Colorado, coming off a 3-2 upset of the defending Stanley Cup champion Detroit Red Wings on Monday, took a 1-0 lead on Paul Stastny's power-play goal midway through the first period.

Just six seconds after Darroll Powe was called for hooking, Richards won a face-off, but the puck went off the back boards and trickled past Flyers defensemen Ossi Vaananen and Kimmo Timonen - each of whom was tied up by a Colorado player - and caromed to Stastny in front. Stastny tapped it into an open net.

A little over two minutes later, the Flyers tied the game on a power-play goal of their own. That gave them five goals in their last seven power-play chances.

Richards patiently held the puck as he skated through the left circle. As he reached the goal line, he fired a pass out front that Knuble knocked into the net for his 100th goal as a Flyer.

"We had a bouncing puck out there," said Knuble, who has 201 career goals. "Everybody started getting out of position and started circling around, and that is when a power play can be dangerous.

"I kept my stick on the ice and [Richards] snapped an incredibly hard pass right on my tape, and all I had to do was shovel it toward the net."

The Flyers took a 2-1 lead in the first period on a pretty two-on-one in which Jeff Carter scored on a one-timer after taking a perfect pass from Gagne.

It was the Flyers' NHL-leading 12th shorthanded goal. Last season, they had 13 shorthanded goals in the entire campaign.

"Just being aggressive on our opportunities," Carter said after scoring his 22d goal of the season.

Joffrey Lupul, reenergized since being moved to Carter's line, made a deft stop-spin move to get Daniel Tjarnqvist to skate past him, then fired a right-circle shot just underneath the crossbar to give the Flyers a 3-1 lead with 8 minutes, 36 seconds left in the middle period.

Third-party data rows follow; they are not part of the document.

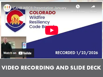 Colorado Wildfire Resiliency Code Board Presentation Recording. Click to view recording Joe Loidolt, President of Classic Homes presented this Colorado Wildfire Resiliency Code Board presentation to the Colorado Association of Home Builders (CAHB) Board January 23, 2026. Full WRC slide presentation can also be downloaded.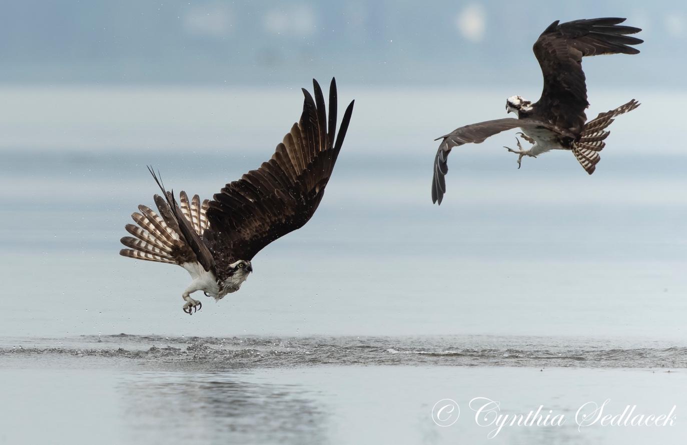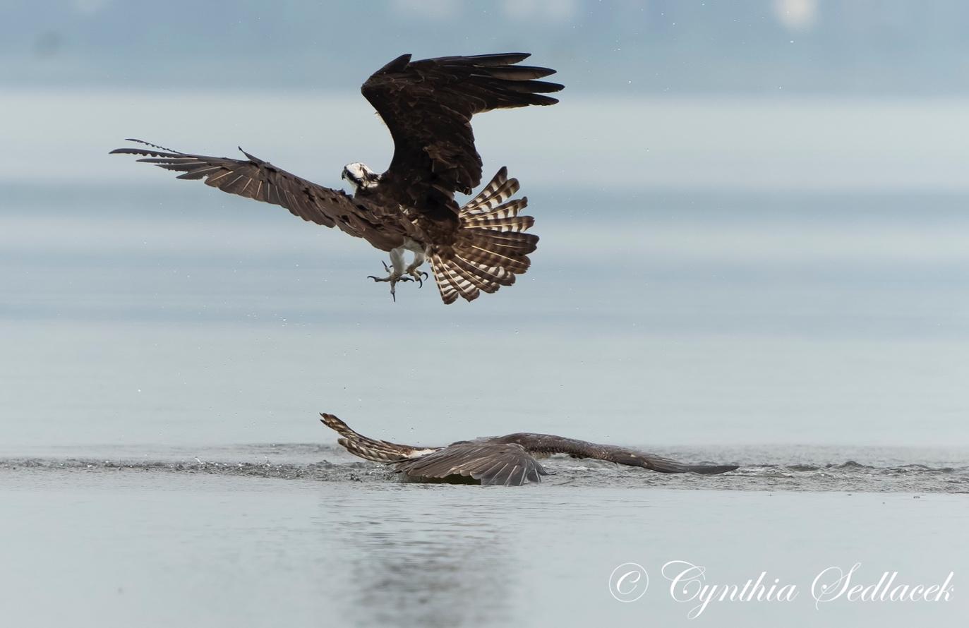 The birds start the dive with a reconnaissance flight about 100-200 feet above the lake looking for accessible fish. When a fish is spotted, the bird hoovers until the prey is locked in its sights. Suddenly, the Osprey will dive head first, like a missile locked on its target, heading for the water at 50-60 mph. All this time the bird is correcting for the movement of the fish. Just as it reaches the water, the bird pulls a wheelie, jutting its legs in front of its head with claws wide open. It plunges into the water grabbing the fish and rows its wings backwards to reach the surface again. The Osprey adjusts the fish in its claws so that the fish is aerodynamically head first and easier to fly with.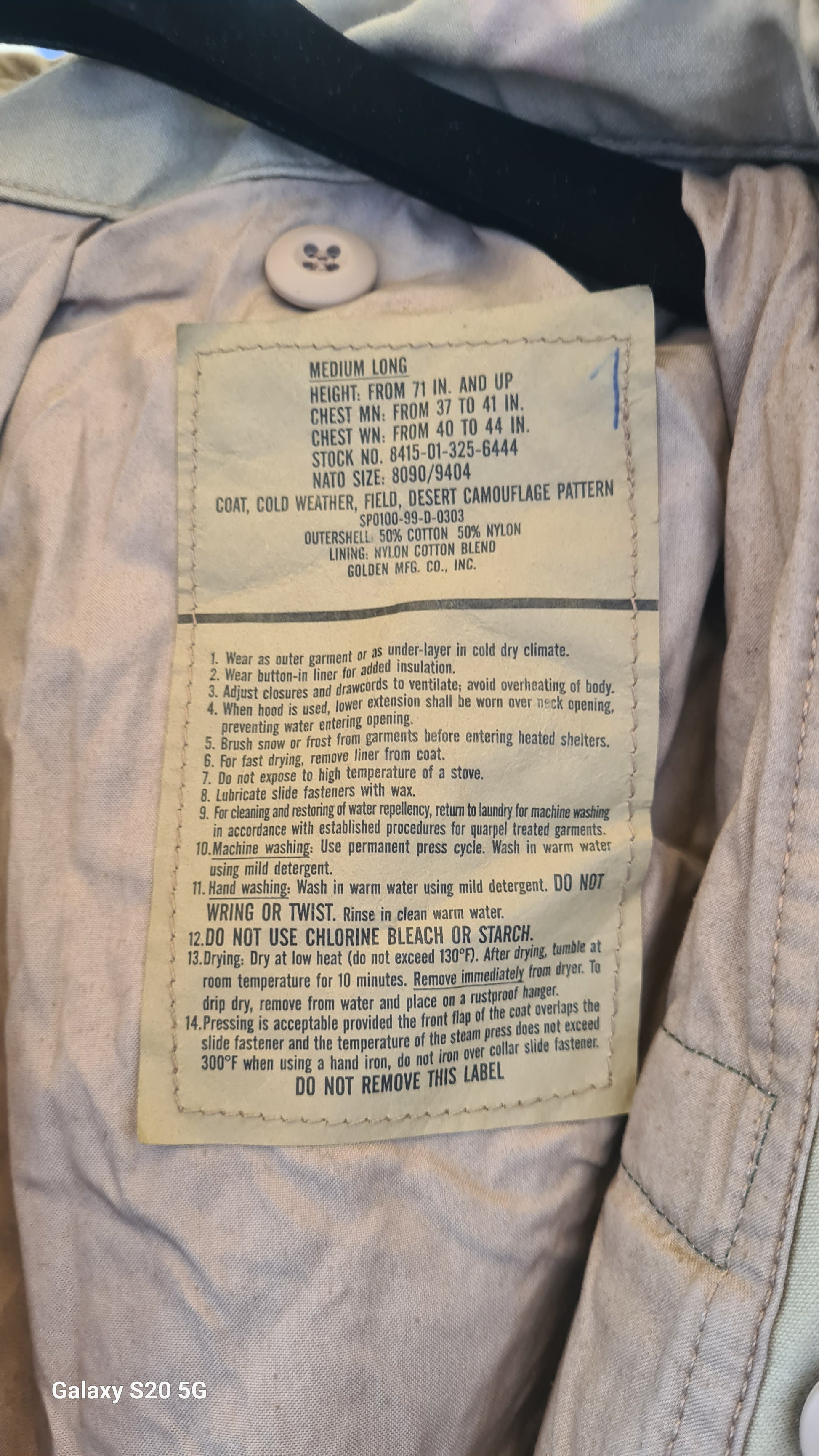 Original desert m65 jacket.Size medium long

A little over a minute later, Richards scored one of the most bizarre goals of his career.

The Flyers' captain took a shot from the slot that sailed off the glass, then bounced ever so slowly off the top of the net and crossbar before glancing off the back of goalie Peter Budaj's glove and into the net.

That gave the Flyers a 4-1 lead, but Colorado got to within 4-2 as David Jones deflected a point shot into the net with 1:21 left in the second period.

Gagne concluded the scoring with a power-play goal at 2:14 of the final period.